If you’re in charge of keeping your company’s information assets secure, and you think the state of modern information security is overly and needlessly confusing, you’re not alone.
With over 30 years of insight into information security triumphs and failures in his mental database, Art Coviello has been in a unique position to observe how technology and security companies have responded to the explosion in internet connectivity and criminal activity. The former chairman and longtime executive at RSA Security is one of our principal advisors involved in the planning of Structure Security, and we’re thrilled that he’ll be kicking off the conference on September 27th with a talk on the modern state of security.
Coviello observed a shift in security thinking about five or six years ago from reactive security (finding and plugging holes in perimeter defenses) to intelligence-based security, in which the notion of risk is much more thoroughly identified and analyzed.
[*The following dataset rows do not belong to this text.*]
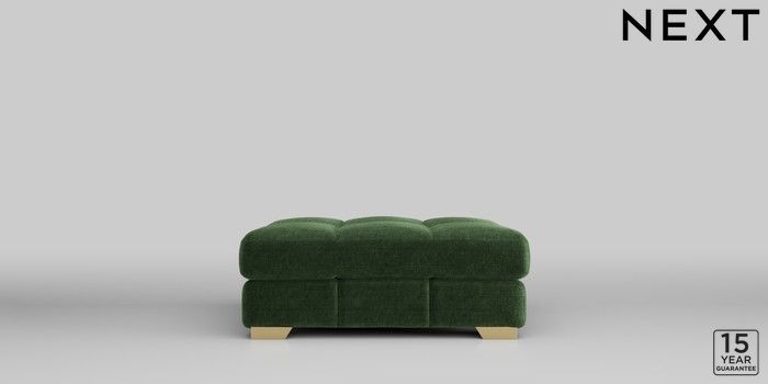 7.2.10 Brooke Deep Sit Footstool Luxe Chenille Dark Green Square Angle - Brushed Brass | Made Click here to use our website with more accessibility support, for example screen readers
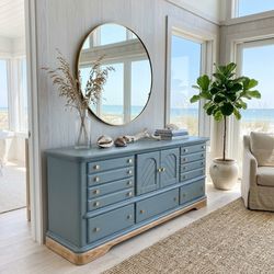 Large Matte Pine Blue Credenza / 9-Drawer Dresser/buffet/tv cabinet– Modern Coastal$450Cypress, CA
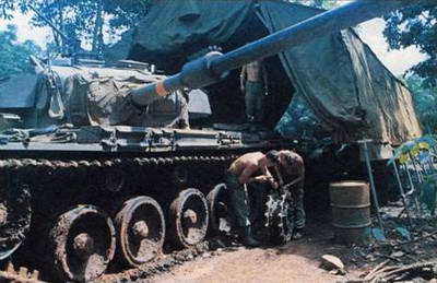 Вверху. Самым массовым танком, состоявшим на вооружении американских войск во Вьетнаме, стал М48АЗ. Благодаря своей сравнительно небольшой массе он лучше других подходил для использования на мягком грунте.

However, while that concept has been embraced by the information security world, applying that concept to real-world situations has proven more difficult, he said in a recent interview.
“The problem isn’t just expanding attack surfaces,” he said, referencing the explosive growth of cloud and mobile computing as well as the coming challenge of the internet of things, “but the ability to take the model from the 50,000-foot level to street level.”
There are three somewhat-overlapping issues that contribute to that problem, Coviello said:
- The Skills Shortage: I’ve heard this time and time again in conversations leading up to Structure Security, and it’s going to be discussed in several sessions: information security leaders are having an extremely difficult time finding (and retaining) qualified security professionals. (Coviello’s fellow Structure Security advisor, Jay Leak of Blackstone, touched on this earlier this year.) All the modern proactive security-focused thinking in the world doesn’t matter if you can’t find people who understand how to make those concepts work in practice.
- The Firefighters: Assume you’ve managed to hire the right people to implement the right risk-based strategy. Can you figure out a way to allow those people the time and space to get that job done while making sure your organization is safe in the interim? People like to bemoan “fighting fires” — the notion of dashing around fixing security problem after security problem — but deciding which fires can quietly smolder and which fires need attention right now (after all, fires are bad) is not a simple process.
- The Decision-Makers: Information security has been treated as an afterthought in many organizations for too long, and the people who are running those companies — executives and board members — can have wildly different perspectives on the importance of security thinking balanced against time to market, overhead, or strategic focus. Think about financial services companies, which purchase and implement a ton of technology products and services every year to manage vast amounts of money, yet who are often run by people that lack technology expertise, let alone security knowledge.
So how do we move forward? Coviello plans to outline some strategies for getting past these obstacles in his talk, and I won’t spoil the surprise here. But here’s a hint: strategies you consider vital to your core business — such as careful resource planning and treating your vendors with healthy skepticism — will serve you well as you look to protect your organization in a world of growing threats.